Inizia così la lettera che la sezione locale dell’associazione Italia Nostra dedica alla pesante struttura metallica posta all’inizio di piazza Duomo in corrispondenza del sottopassaggio del terminal e su cui, già da tempo, si è scatenata l’ironia dei cittadini aquilani. Una “ciliegina sulla torta“, la definisce Italia Nostra, rispetto al danno già compiuto con la scelta delle pavimentazioni di corso e piazze, anche in vista dell’afflusso turistico che la città attende nel 2026 quando sarà la Capitale italiana della Cultura.
Di seguito il testo completo della lettera, cui l’associazione spera possa seguire un necessario dibattito.
“Non è escluso che a Natale avremo per regalo la definitiva conclusione a capo piazza dei lavori relativi alla struttura di uscita del tunnel proveniente dal terminal. Un “regalo” di cui avremmo fatto volentieri a meno e la cui totale inadeguatezza in questo contesto è già da tempo apprezzabile in tutta la sua evidenza.

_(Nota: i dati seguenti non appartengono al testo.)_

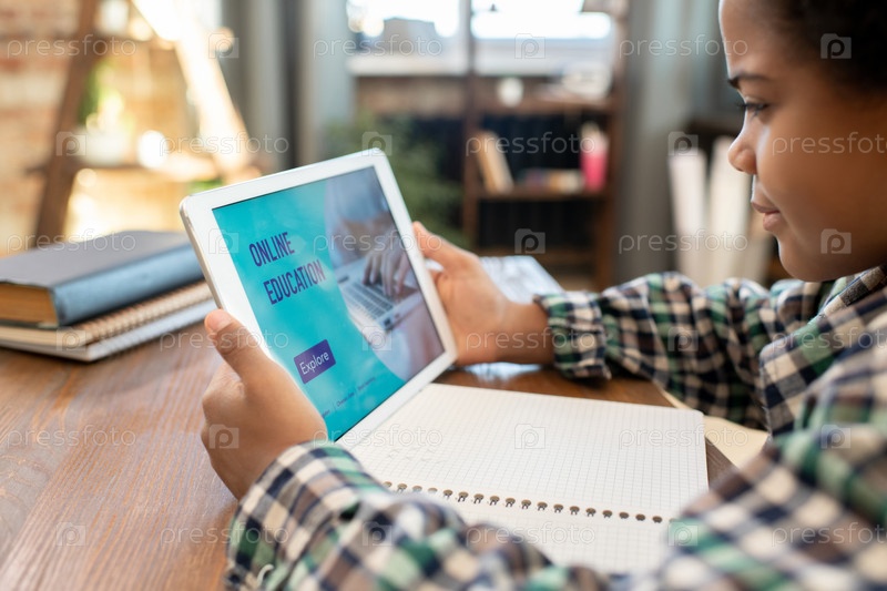 Боковой вид африканского школьника начальной школы, который смотрит на дисплей сенсорной панели

La scrivente Associazione ha evitato di prendere continuativamente posizione su quanto finora fatto in tema di arredo urbano. Sarebbe servito a poco quando non era più possibile intervenire per provare a modificare scelte ormai fatte e finanziate senza coinvolgere l’opinione pubblica. Ribadiamo comunque, anche in questa sede, la nostra critica alla scelta delle pavimentazioni, più adatte al lungomare di una città balneare che alle vie centrali di una città storica.

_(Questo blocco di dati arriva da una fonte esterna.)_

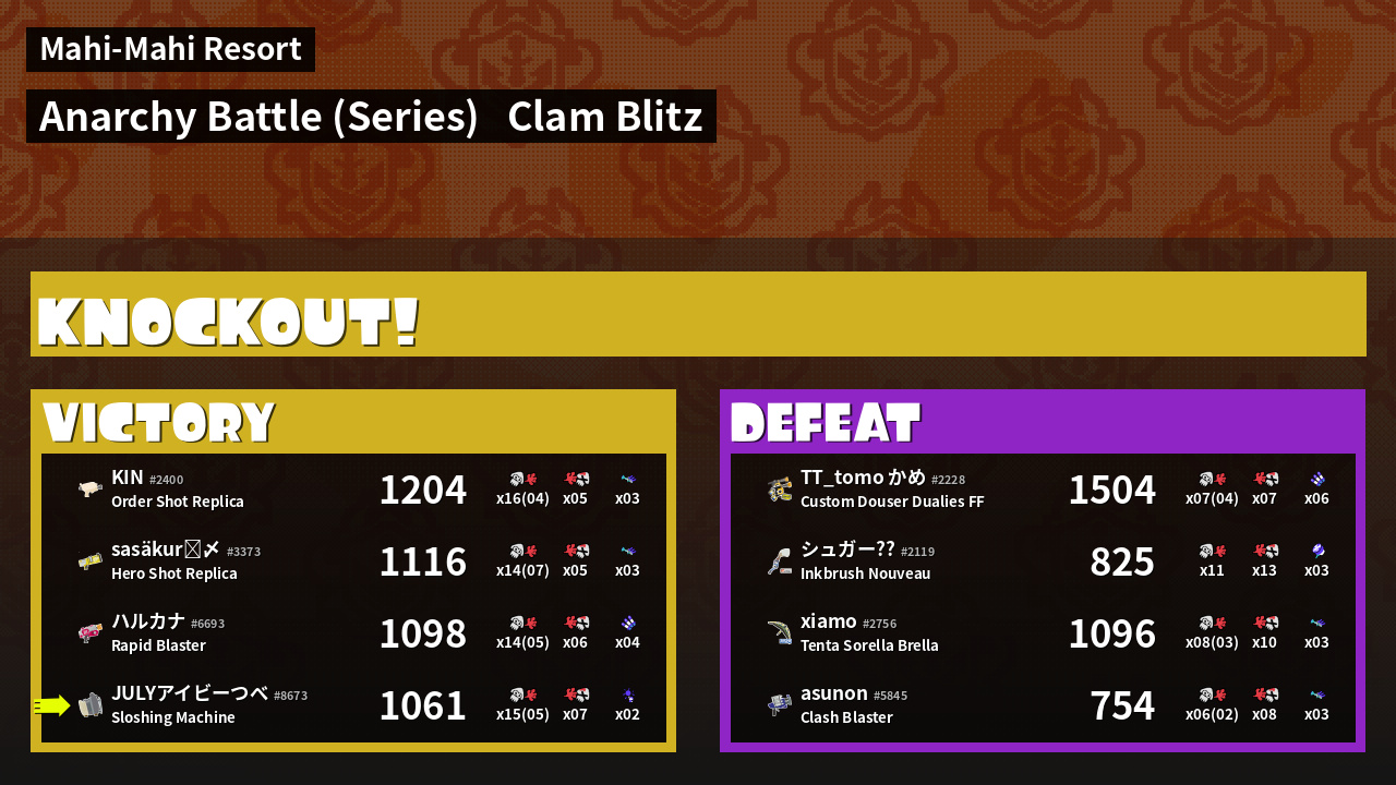 | Mode | Clam Blitz - Anarchy Battle (Series) | ||

Ma ora ci è impossibile tacere al cospetto di questa “ciliegina sulla torta” che snatura definitivamente quella che in fondo è la piazza principale della nostra città, se non altro per grandezza. Un manufatto per il quale è fin troppo facile trovare similitudini: un viadotto autostradale, una pista per slittini o una palestra per arrampicate su ghiaccio… anzi, potremmo fin da ora invitare tutti a un ideale concorso per trovare il paragone più calzante per stigmatizzare una tale inqualificabile presenza.
Tuttavia non è solo questione di discutibilissime scelte estetiche. Alla scelta di un tale ingombrante manufatto si accompagna la volontà di ripetere, aggravandolo, un errore già fatto in passato.

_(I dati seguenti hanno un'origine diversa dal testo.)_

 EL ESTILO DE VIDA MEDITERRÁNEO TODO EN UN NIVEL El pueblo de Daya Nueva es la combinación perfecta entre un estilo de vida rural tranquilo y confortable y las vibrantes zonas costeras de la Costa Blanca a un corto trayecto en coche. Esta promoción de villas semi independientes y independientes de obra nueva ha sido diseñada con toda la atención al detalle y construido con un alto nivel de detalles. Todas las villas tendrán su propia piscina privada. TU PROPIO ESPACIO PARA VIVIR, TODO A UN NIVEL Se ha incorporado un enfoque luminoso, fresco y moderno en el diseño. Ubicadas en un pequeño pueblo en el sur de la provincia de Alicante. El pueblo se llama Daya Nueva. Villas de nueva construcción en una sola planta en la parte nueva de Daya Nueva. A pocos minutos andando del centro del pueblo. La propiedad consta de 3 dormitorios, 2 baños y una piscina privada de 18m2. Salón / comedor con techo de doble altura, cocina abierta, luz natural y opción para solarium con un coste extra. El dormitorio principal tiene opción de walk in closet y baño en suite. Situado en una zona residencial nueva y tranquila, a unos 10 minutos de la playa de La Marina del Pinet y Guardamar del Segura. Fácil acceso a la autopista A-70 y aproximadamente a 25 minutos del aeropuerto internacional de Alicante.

È possibile, ci chiediamo, che nessuno, allora, quando fu costruita la prima pensilina, ed oggi in questa ancora peggiore recidiva, si sia posto il problema di non interrompere visivamente l’approccio percettivo di chi giunge in piazza da Collemaggio, e da Porta Bazzano, percorrendo un percorso storicamente determinato come quello di Costa Masciarelli e Via Cimino? A qualcuno, persone e istituzioni, manca forse quel minimo di sensibilità necessario per rendersi conto che non è concepibile avvicinarsi al cuore di una città trovandosi di fronte un casello autostradale che interrompe visivamente la visione della facciata della Cattedrale?
Ed oggi, anche se non fosse stato possibile spostare l’uscita del terminal, perché economicamente troppo oneroso, la scelta corretta sarebbe stata quella di “alleggerirne” la presenza, non certo quella di rafforzarla con strutture metalliche sovradimensionate e una struttura degna, come detto, di un viadotto. Bel biglietto di presentazione per la “Città della cultura 2026”!
Siamo al cospetto dell’ennesima e ancor più grave conseguenza della scelta di un rinnovamento in senso “modernista” del volto della città. Peccato per chi l’ha voluto, e per chi l’ha concretizzato, che armonizzare il moderno con l’antico è cosa non necessariamente da condannarsi, ma difficilissima e non alla portata di tutti. Certamente non di coloro che ci hanno fatto questo “regalo”.
In un passo del suo libro “Sillabario del nuovo millennio” il filosofo Stefano Zecchi ha scritto: «“Kitsch” può essere anche l’edificio moderno progettato da un grande architetto e inserito senza gusto in uno spazio classico».
Se sostituiamo il termine “classico” con “antico” o “storico”, azione legittima in quel contesto, e se prendiamo atto che quanto qui stiamo criticando non è stata certamente opera di un “grande” architetto… cosa dobbiamo concludere? Lasciamo la scontata risposta a chi legge”.